ANYONE WHO PROPOSED damming and inundating Hetch Hetchy Valley today would be run out of the state before you could say "John Muir." But a century ago, the great naturalist fought in vain to preserve the valley, which rivals Yosemite Valley for granite-walled grandeur. Instead, it was filled with water and became a reservoir for San Francisco.

The construction of O'Shaughnessy Dam was unquestionably a mistake. But it's not at all clear that dismantling the dam and restoring the valley is the right thing to do now.

An admirably impartial state report brought some clarity to the issue this week. It is entirely feasible to drain Hetch Hetchy and still provide San Francisco with water. But restoring the valley would be hellishly expensive -- $3 billion to $10 billion. Environmentalists had said it would cost far less.

People can and do continue to quibble over the expense -- would it really take up to $1.8 billion, as the state says, for engineering, legal and paperwork alone? -- but the prohibitive bottom line remains. Restoring Hetch Hetchy is a beautiful environmental dream. But it does not belong on anyone's short list of priority projects.

Not only must the cost of restoring Hetch Hetchy be balanced against the laundry list of state infrastructure needs, it also must be weighed alongside bigger environmental threats. Located within Yosemite National Park, Hetch Hetchy is protected from further damage in ways that many other wild resources are not. The billions of dollars needed to restore it could buy a lot of land threatened with development or oil drilling. The money could be used to protect the habitat of a species that might otherwise go extinct, or to combat air pollution in national parks and forests.

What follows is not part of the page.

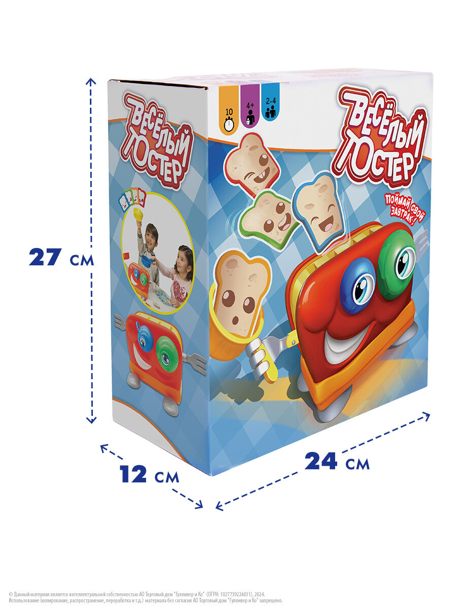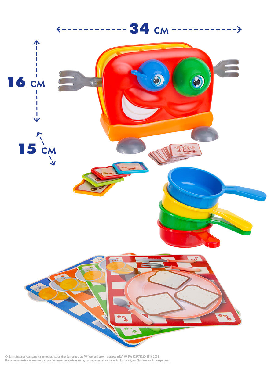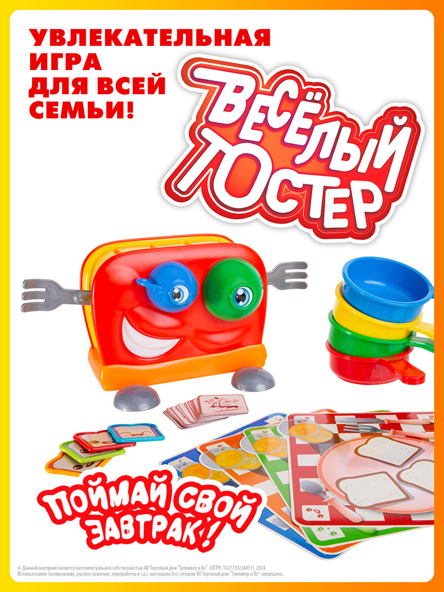 Заряжай тостер и делай завтрак! Новая игра на внимательности и ловкость. В игре могут принимать участие до 4 игроков. Первый игрок нажимает на тостер, после чего из него вылетают тосты. Игроки должны их поймать специальными тарелками (входят в комплект). Все игроки, которым удалось поймать тосты, берут из колоды по одной карте. Выигрывает игрок которому удалось собрать 3 тоста. Но, будь внимателен, если выпадет карточка с тухлой рыбкой, игрок проиграл.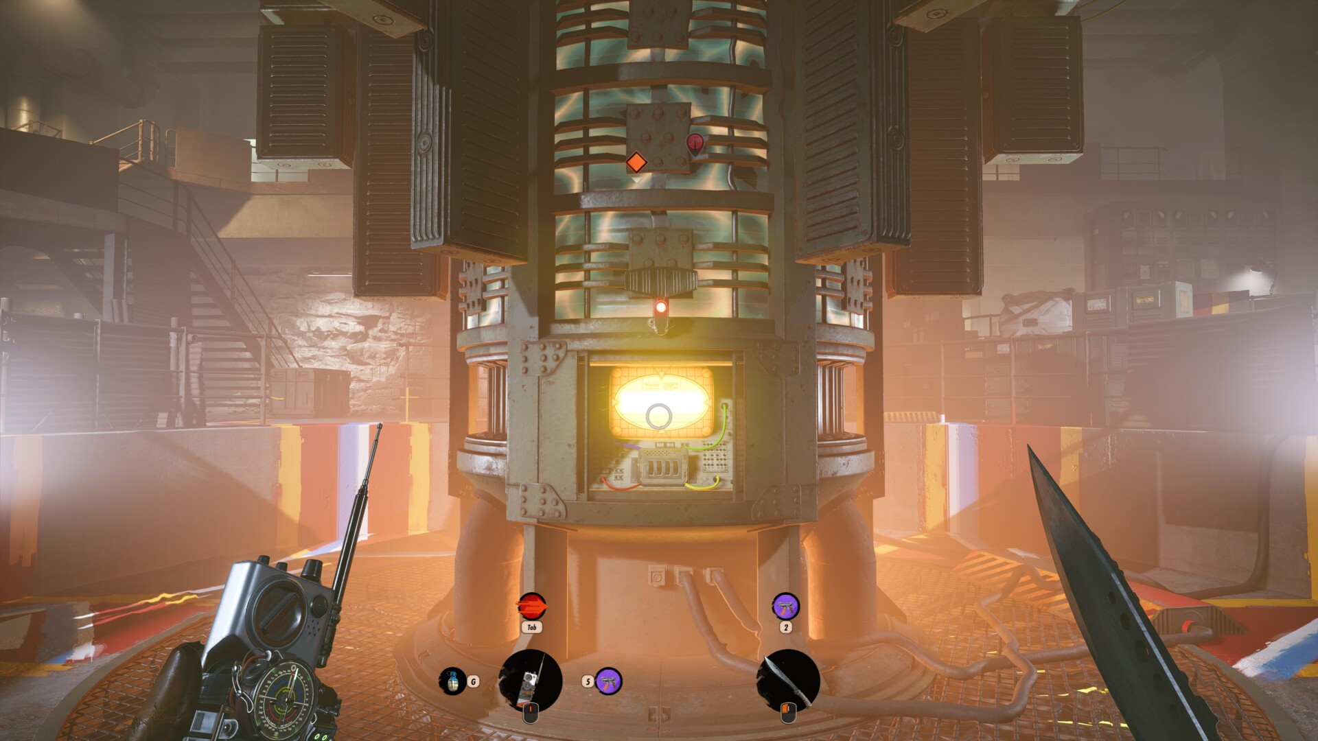 Next, stealthily make your way past the guards and cameras. Once you reach the research area with the reactor, check out the panel on its opposite side. You should be able to open it with your Hackamajig. Just cut the wires in the order shown in the schematics.

By contrast, the main idea behind restoring Hetch Hetchy is to open it to tourism and recreation -- a worthy goal, certainly. It is not, however, especially urgent. If we someday decide we want to pay whatever it costs to enjoy the Hetch Hetchy Valley instead of the Hetch Hetchy Reservoir -- well, the valley will still be there decades from now.

Until that day comes, there is one question that hasn't been asked but should be: Why isn't Hetch Hetchy open to limited recreation as it is, as a spectacularly scenic lake where people could fish or use non-motorized boats? The fact that water fills the valley to a depth of 300 feet doesn't make the valley's nearly 2,000-foot cliffs less imposing.

San Franciscans would undoubtedly squawk, as they do over any proposal that would affect their water supply. And the regional water district might have to upgrade the reservoir's water-treatment system. But the state should be asking this question -- and ending the debate over whether it should be spending millions more to study a currently unaffordable water project.